Please restate word for word the lines of the entries below from the one with "Cette baby shower" to the one with "日本全球仓羊毛衫缩水还原恢复蓬松剂羊绒毛呢大衣柔顺放大洗涤剂", inclusive, and leave out every picture.

*** Opening of DATA SUPPLIED ***

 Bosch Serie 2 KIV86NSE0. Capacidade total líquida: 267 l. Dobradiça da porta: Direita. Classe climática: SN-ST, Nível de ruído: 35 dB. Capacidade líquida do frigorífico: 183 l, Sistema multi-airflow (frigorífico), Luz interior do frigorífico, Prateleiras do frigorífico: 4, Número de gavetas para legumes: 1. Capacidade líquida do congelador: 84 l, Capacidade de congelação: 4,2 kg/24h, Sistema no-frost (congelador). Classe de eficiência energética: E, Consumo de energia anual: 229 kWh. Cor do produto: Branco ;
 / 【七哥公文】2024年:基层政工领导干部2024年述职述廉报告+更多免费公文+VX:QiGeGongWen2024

*** Close of DATA SUPPLIED ***
*** Opening of DATA SUPPLIED ***

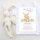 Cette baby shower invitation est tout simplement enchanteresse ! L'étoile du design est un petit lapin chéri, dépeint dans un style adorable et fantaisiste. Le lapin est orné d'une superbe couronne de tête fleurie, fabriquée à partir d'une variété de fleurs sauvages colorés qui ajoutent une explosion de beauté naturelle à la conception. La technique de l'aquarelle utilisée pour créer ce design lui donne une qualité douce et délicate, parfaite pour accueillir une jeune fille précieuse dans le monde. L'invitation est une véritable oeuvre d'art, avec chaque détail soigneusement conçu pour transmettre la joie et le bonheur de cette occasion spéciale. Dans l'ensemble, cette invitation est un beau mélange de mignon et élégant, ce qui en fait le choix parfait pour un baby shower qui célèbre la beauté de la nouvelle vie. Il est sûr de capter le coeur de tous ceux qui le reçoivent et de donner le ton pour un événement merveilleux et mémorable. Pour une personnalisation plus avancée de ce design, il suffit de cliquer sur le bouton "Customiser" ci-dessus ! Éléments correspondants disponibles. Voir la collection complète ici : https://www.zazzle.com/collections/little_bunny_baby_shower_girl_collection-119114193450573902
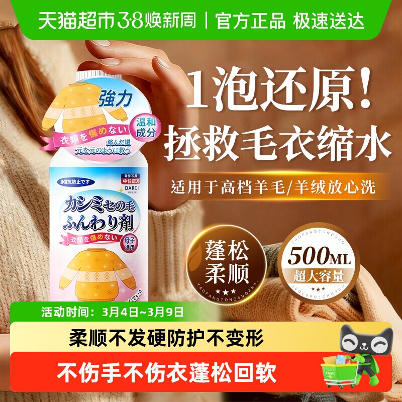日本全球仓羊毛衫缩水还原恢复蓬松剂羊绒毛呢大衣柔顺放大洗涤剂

*** Close of DATA SUPPLIED ***

◆ RESPONSE BELOW
 Cette baby shower invitation est tout simplement enchanteresse ! L'étoile du design est un petit lapin chéri, dépeint dans un style adorable et fantaisiste. Le lapin est orné d'une superbe couronne de tête fleurie, fabriquée à partir d'une variété de fleurs sauvages colorés qui ajoutent une explosion de beauté naturelle à la conception. La technique de l'aquarelle utilisée pour créer ce design lui donne une qualité douce et délicate, parfaite pour accueillir une jeune fille précieuse dans le monde. L'invitation est une véritable oeuvre d'art, avec chaque détail soigneusement conçu pour transmettre la joie et le bonheur de cette occasion spéciale. Dans l'ensemble, cette invitation est un beau mélange de mignon et élégant, ce qui en fait le choix parfait pour un baby shower qui célèbre la beauté de la nouvelle vie. Il est sûr de capter le coeur de tous ceux qui le reçoivent et de donner le ton pour un événement merveilleux et mémorable. Pour une personnalisation plus avancée de ce design, il suffit de cliquer sur le bouton "Customiser" ci-dessus ! Éléments correspondants disponibles. Voir la collection complète ici : https://www.zazzle.com/collections/little_bunny_baby_shower_girl_collection-119114193450573902
日本全球仓羊毛衫缩水还原恢复蓬松剂羊绒毛呢大衣柔顺放大洗涤剂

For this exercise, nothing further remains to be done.